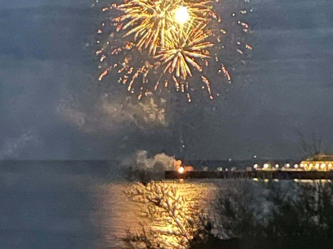点评:A large area of sandy beaches both sides of the pier. To the right is the busiest with more cafes, bars, toilets and beach huts
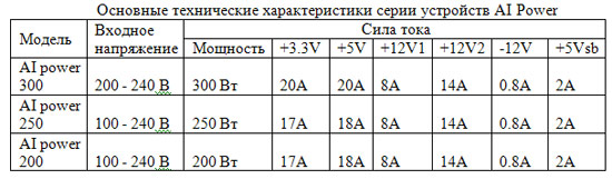 Серия устройств AI Power представляет собой линейку из трех блоков питания мощностью 200, 250 и 300 Вт для настольных персональных компьютеров. Реализовав ряд решений, специалистам компании удалось уменьшить в несколько раз компоненты, отвечающие за снабжение компьютера энергией, благодаря чему появилась возможность разместить в корпусе устройства дополнительный аккумулятор.
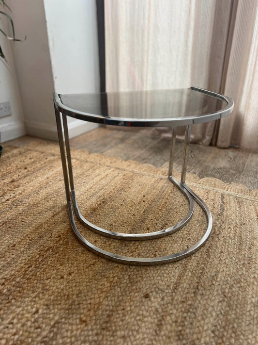 c1970s Vico Magistretti Half Moon Chrome and Smoked Glass Nest of Tables.
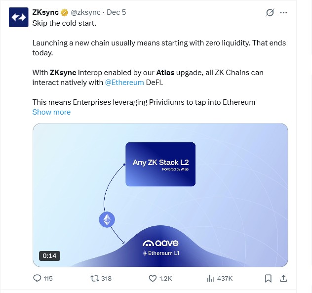 “تاريخيًا، كان على كل لغة L2 أن تقوم بتمهيد سيولتها الخاصة، وتدوير جسور منفصلة، وإعادة بناء نفس مكدس التمويل اللامركزي، وهو أمر غير فعال من حيث رأس المال ومحفوف بالمخاطر. باستخدام Atlas وGateway، يمكن لسلاسل ZKsync الاستفادة من سيولة Ethereum مباشرة في الوقت الفعلي تقريبًا، بدلاً من تجزئتها عبر مجموعات معزولة. تستغرق معاملات L2↔L2 حوالي ثانية واحدة، ويتم الآن إتمام عمليات نقل L1↔L2 بشكل أسرع من عملية نقل واحدة كتلة الإيثيريوم.”
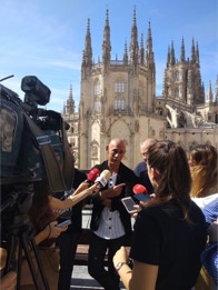 2011 . PREGONERO DE LAS FIESTAS MAYORES DE BURGOS.El entonces Alcalde de Burgos Juan Carlos Aparicio le propone como pregonero de las Fiestas de San Pedro (Fiestas mayores de Burgos). Redacta un pregón basado en las sensaciones de su niñez junto a un imaginario viaje con las estrofas del Himno a Burgos. Enlace
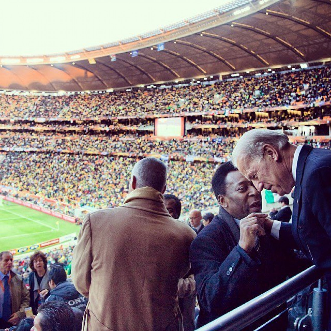 Pelé e Biden em um jogo de futebol Reprodução/Twitter
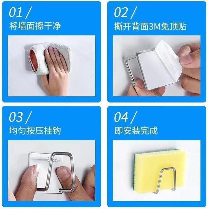 「錆びない、水に強い」高品質の304ステンレス鋼を使用しているため、この粘着フックは防水性と錆びにくさを備え、長い耐用年数があります、また、フックの角は滑らかで、衣類や手を傷つけることがありません。
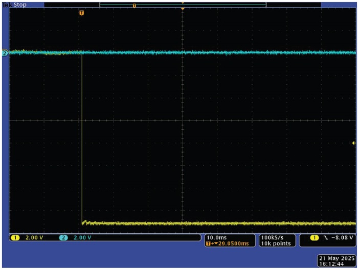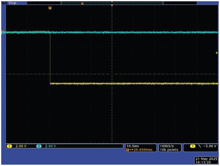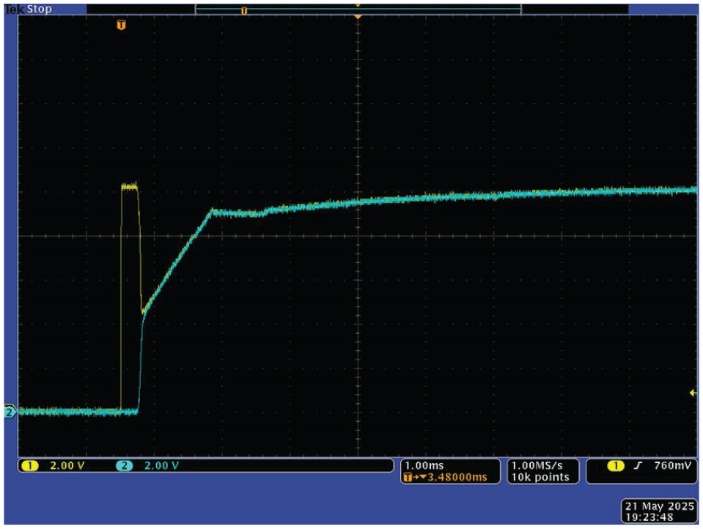 圖3顯示了施加10 V階躍時電路的響應。黃色曲線為輸入電壓,藍色曲線為輸出電壓。斷路閾值設置為12 V,因此輸入電壓幾乎沒有壓降地傳遞到輸出端。
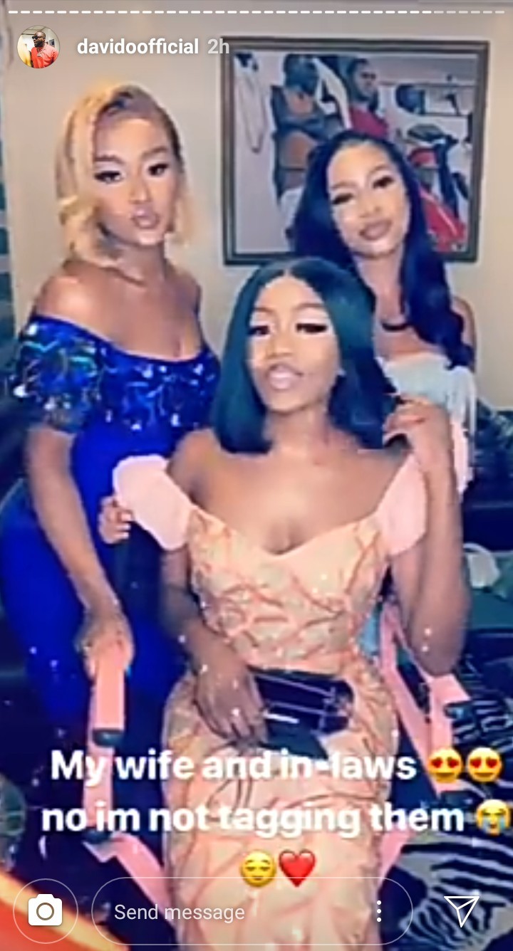 Sharing a clip of the sisters taken after they had gotten ready for the wedding, Davido wrote: "My wife and in-laws. No, I'm not tagging them."
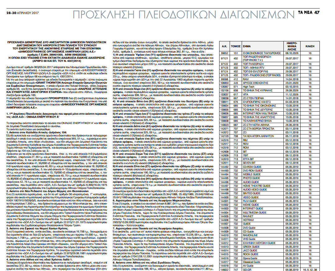Μέσω δύο πλειοδοτικών διαγωνισμών θα πραγματοποιηθεί η πώληση του συνόλου του ενεργητικού του Δημοσιογραφικού Οργανισμού ΛαμπράκηΣύμφωνα με την πρόσκληση των διαγωνισμών που θα πραγματοποιήσει η σύμπραξη των ειδικών διαχειριστών (της Grant Thornton και της Δικηγορικής Εταιρείας Αγγελίδης), η πώληση του συνόλου του ενεργητικού της ΔΟΛ Α.Ε., η οποία έχει υπαχθεί στην έκτακτη διαδικασία ειδικής διαχείρισης, διαχωρίστηκε μεταξύ της ακίνητης περιουσίας και των υπόλοιπων στοιχείων του ενεργητικού, σημάτων, λοιπών παγίων, συμπεριλαμβανομένων των τίτλων «Τα Νέα», «Το Βήμα» και «Ο Ταχυδρόμος», μεταξύ άλλων.
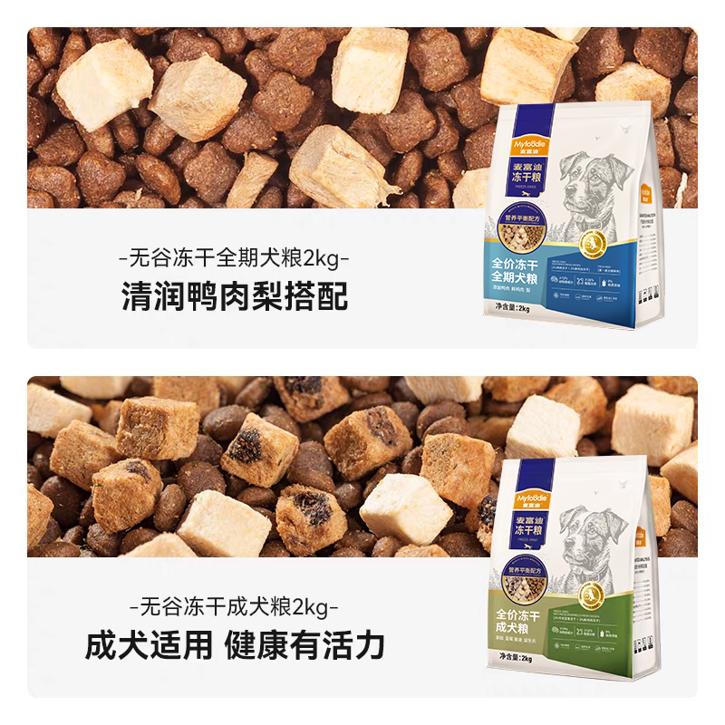麦富迪狗粮鸭肉梨冻干双拼成犬幼犬粮小型犬无谷牛肉蓝莓全期犬粮
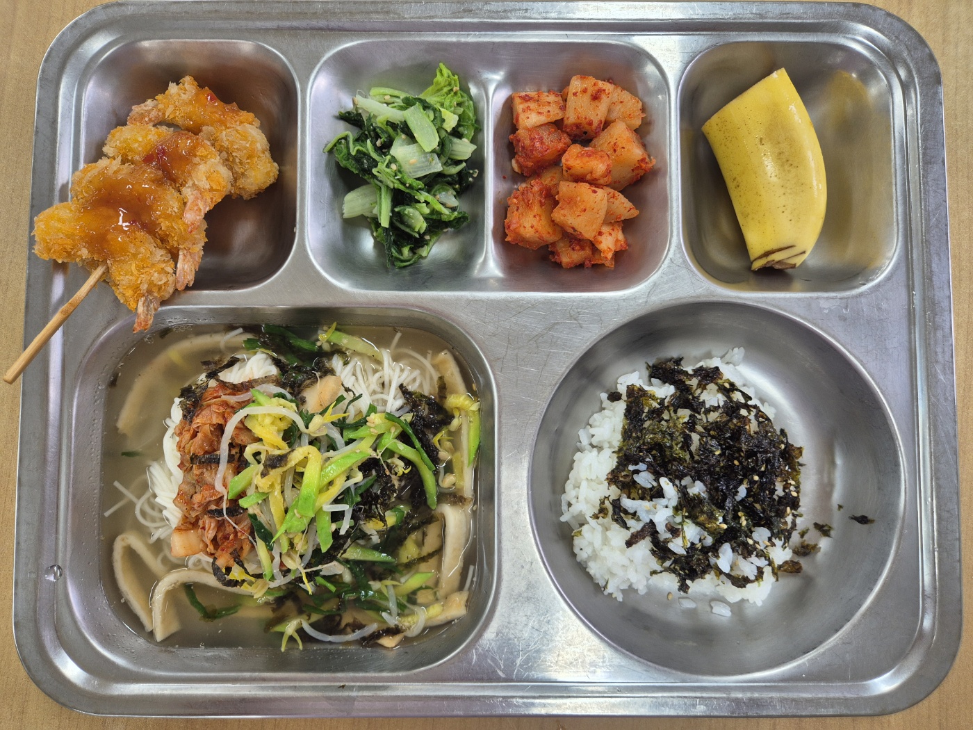 [석식] 미니밥*파래자반(자율), 잔치국수, 새우꼬치튀김*칠리s, 단배추나물(자율),깍두기, 바나나1/2
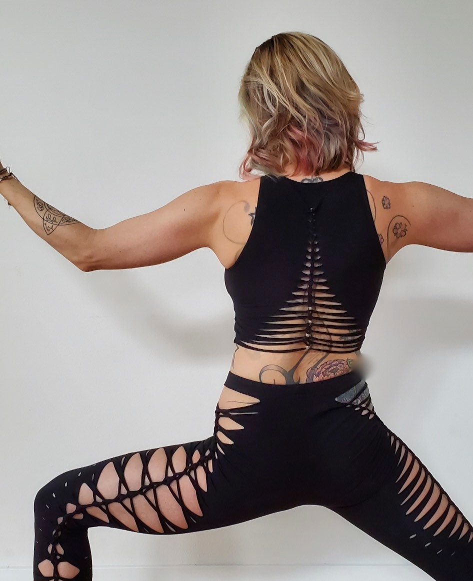 This tank is form fitting made with soft jersey fabric. Great for yoga, working out, dance, festivals.. and look fabulous with the Goddess leggings
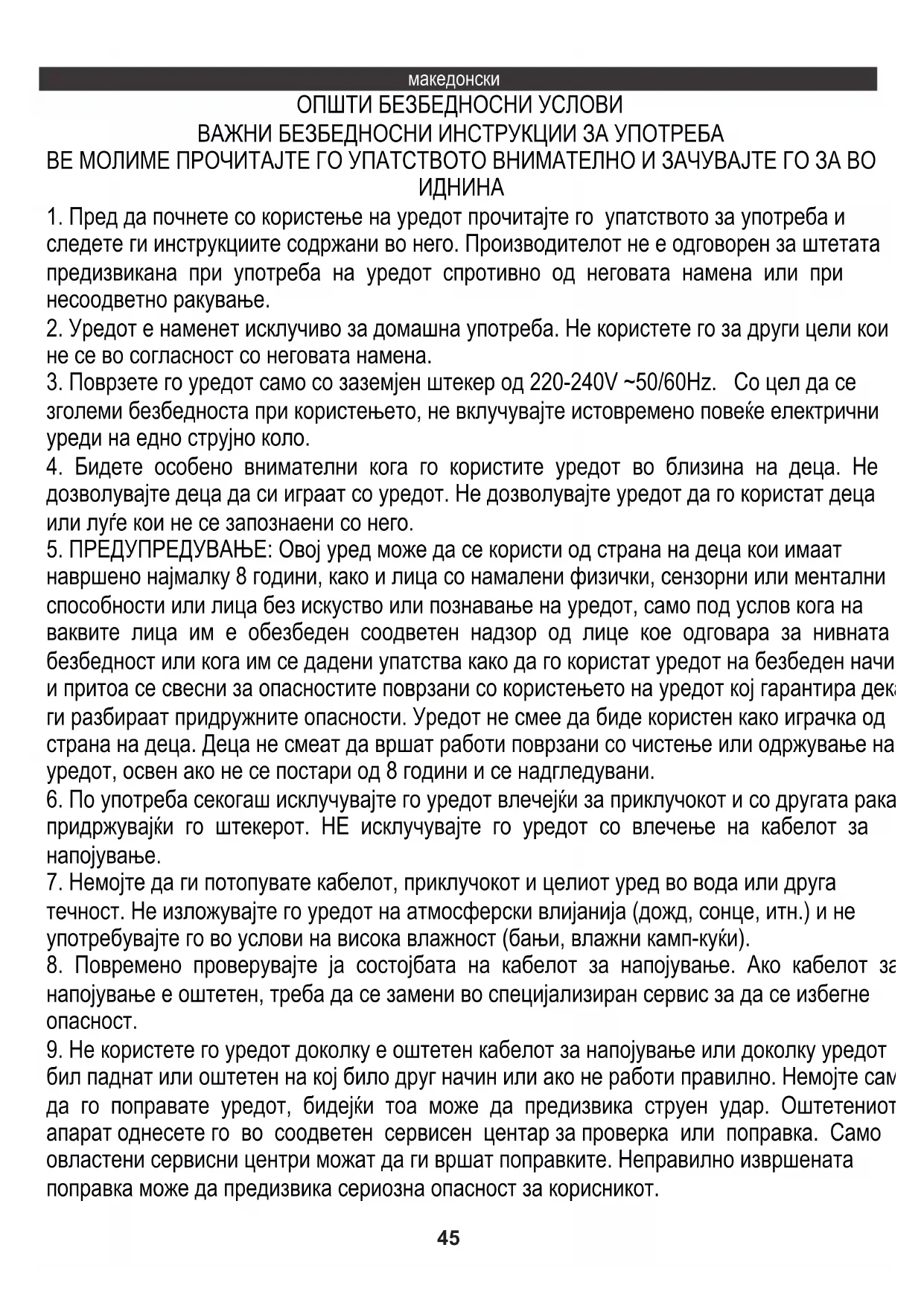 9. Не користете го уредот доколку е оштетен кабелот за напојување или доколку уредот
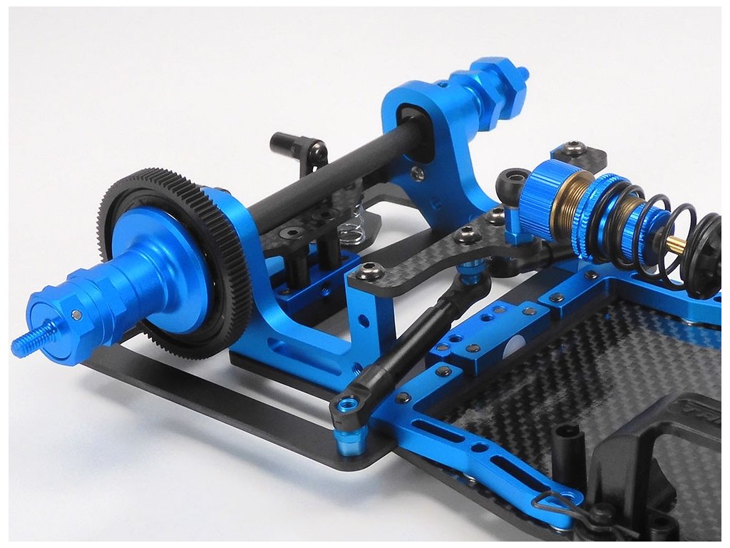 Zadní kuličkový diferenciál je stejný jako ten, který se používá pro podvozek TRF103. Lehký a odolný hřídel z uhlíkových vláken omezuje hmotnost a zajišťuje kompatibilitu s gumovými pneumatikami, které jsou relativně obtížné.
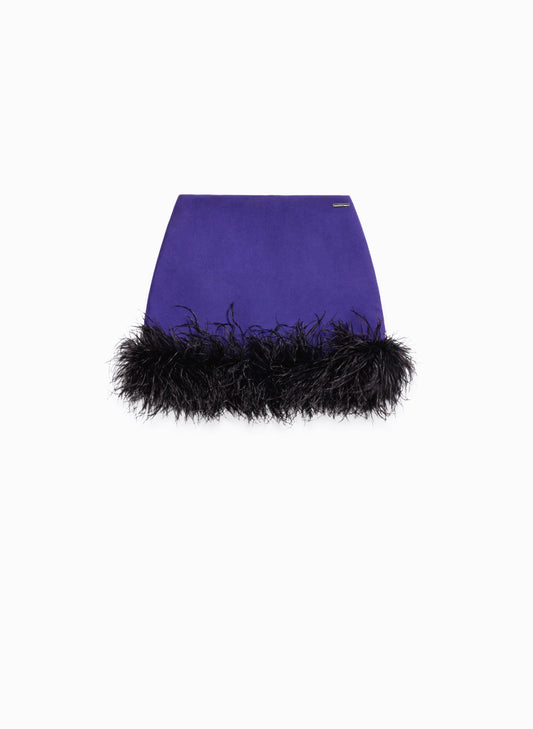 Wool Blend Feathers Fitted Skirt In Purple
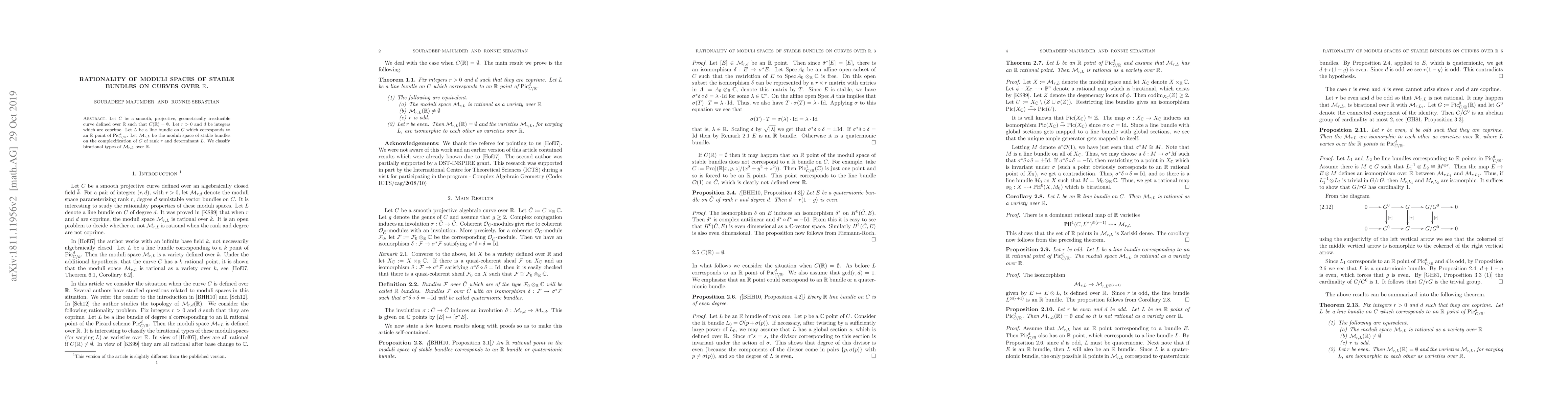 Let $C$ be a smooth, projective, geometrically irreducible curve defined over $\mathbb{R}$ such that $C(\mathbb{R}) = \emptyset$. Let $r>0$ and $d$ be integers which are coprime. Let $L$ be a line bundle on $C$ which corresponds to an $\mathbb{R}$ point of ${\rm Pic}^d_{C/\mathbb{R}}$. Let $\mathcal{M}_{r,L}$ be the moduli space of stable bundles on the complexification of $C$ of rank $r$ and determinant $L$. We classify birational types of $\mathcal{M}_{r,L}$ over $\mathbb{R}$.
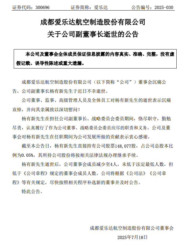 愛樂達(dá)7月18日晚間公告,公司董事會沉痛公告,公司副董事長楊有新于近日不幸逝世。截至本公告日,楊有新直接持有公司股票148,077股,占公司總股本比例為0.05%,其所持公司股份將按相關(guān)法律法規(guī)辦理繼承手續(xù)。
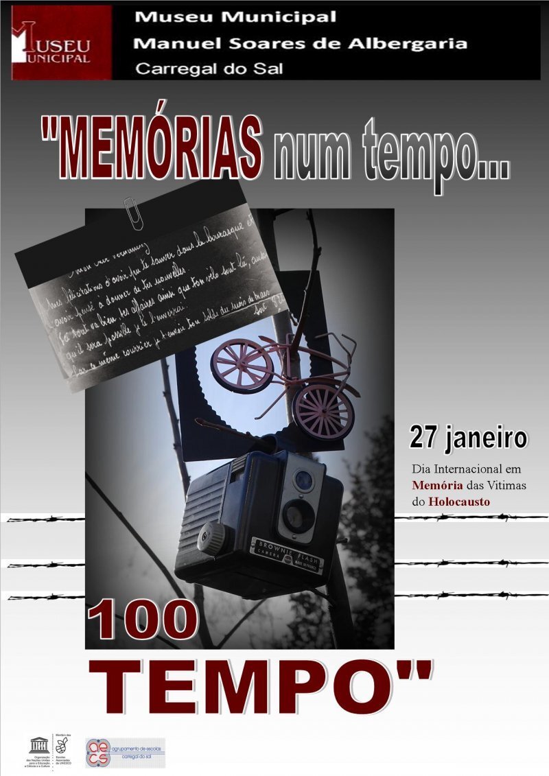 A exposição ”MEMÓRIAS num tempo…100TEMPO” que se encontra no Museu Manuel Soares de Albergaria, de 24 de janeiro a 7 de março, é constituída por uma série de 60 fotografias que contextualiza o tema da 2ª Guerra Mundial e do Holocausto, e que se encontram divididas em 3 tempos históricos distintos: Antes, Durante e Depois.
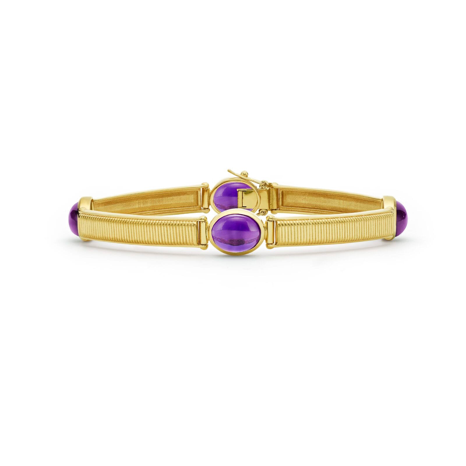 Fine jewellery bracelet handmade in Italy with 18kt Gold and cabochon Amethyst Power Stones believed to have healing and protective energies. See Stone Properties for more details. Available in two lengths.
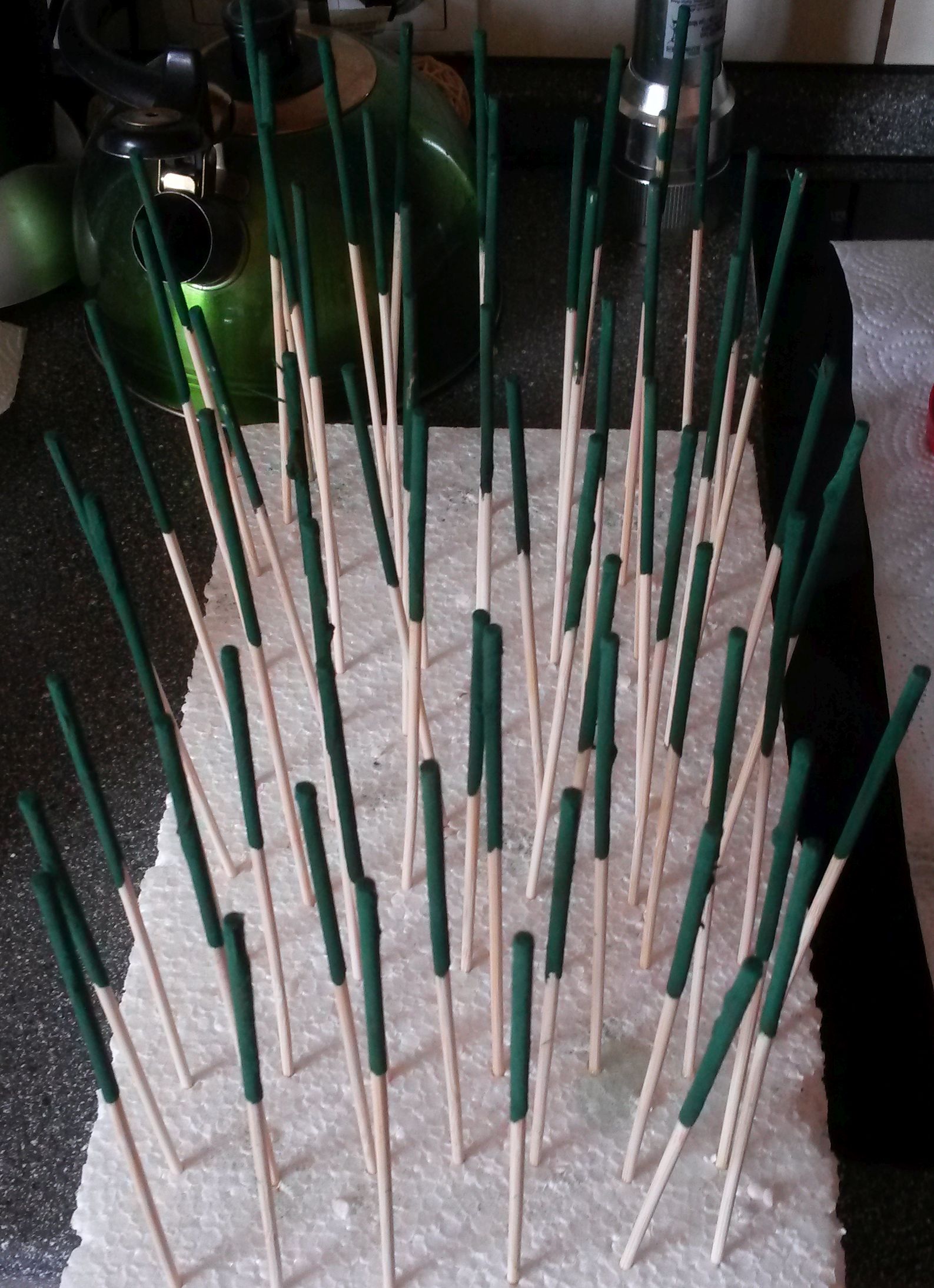 Ich hab einfach die Schaschlikspieße angefeuchtet, ins Spirulinapulver getaucht und dann trocknen lassen.

▶ _ABOUT THIS TASK_: No pictures belong in the output. Restate word for word only the lines from the one containing "This tank is" to the end of the entries above.

▶ _REPLY TO THE TASK_:
 This tank is form fitting made with soft jersey fabric. Great for yoga, working out, dance, festivals.. and look fabulous with the Goddess leggings
 9. Не користете го уредот доколку е оштетен кабелот за напојување или доколку уредот
 Zadní kuličkový diferenciál je stejný jako ten, který se používá pro podvozek TRF103. Lehký a odolný hřídel z uhlíkových vláken omezuje hmotnost a zajišťuje kompatibilitu s gumovými pneumatikami, které jsou relativně obtížné.
 Wool Blend Feathers Fitted Skirt In Purple
 Let $C$ be a smooth, projective, geometrically irreducible curve defined over $\mathbb{R}$ such that $C(\mathbb{R}) = \emptyset$. Let $r>0$ and $d$ be integers which are coprime. Let $L$ be a line bundle on $C$ which corresponds to an $\mathbb{R}$ point of ${\rm Pic}^d_{C/\mathbb{R}}$. Let $\mathcal{M}_{r,L}$ be the moduli space of stable bundles on the complexification of $C$ of rank $r$ and determinant $L$. We classify birational types of $\mathcal{M}_{r,L}$ over $\mathbb{R}$.
 愛樂達(dá)7月18日晚間公告,公司董事會沉痛公告,公司副董事長楊有新于近日不幸逝世。截至本公告日,楊有新直接持有公司股票148,077股,占公司總股本比例為0.05%,其所持公司股份將按相關(guān)法律法規(guī)辦理繼承手續(xù)。
 A exposição ”MEMÓRIAS num tempo…100TEMPO” que se encontra no Museu Manuel Soares de Albergaria, de 24 de janeiro a 7 de março, é constituída por uma série de 60 fotografias que contextualiza o tema da 2ª Guerra Mundial e do Holocausto, e que se encontram divididas em 3 tempos históricos distintos: Antes, Durante e Depois.
 Fine jewellery bracelet handmade in Italy with 18kt Gold and cabochon Amethyst Power Stones believed to have healing and protective energies. See Stone Properties for more details. Available in two lengths.
 Ich hab einfach die Schaschlikspieße angefeuchtet, ins Spirulinapulver getaucht und dann trocknen lassen.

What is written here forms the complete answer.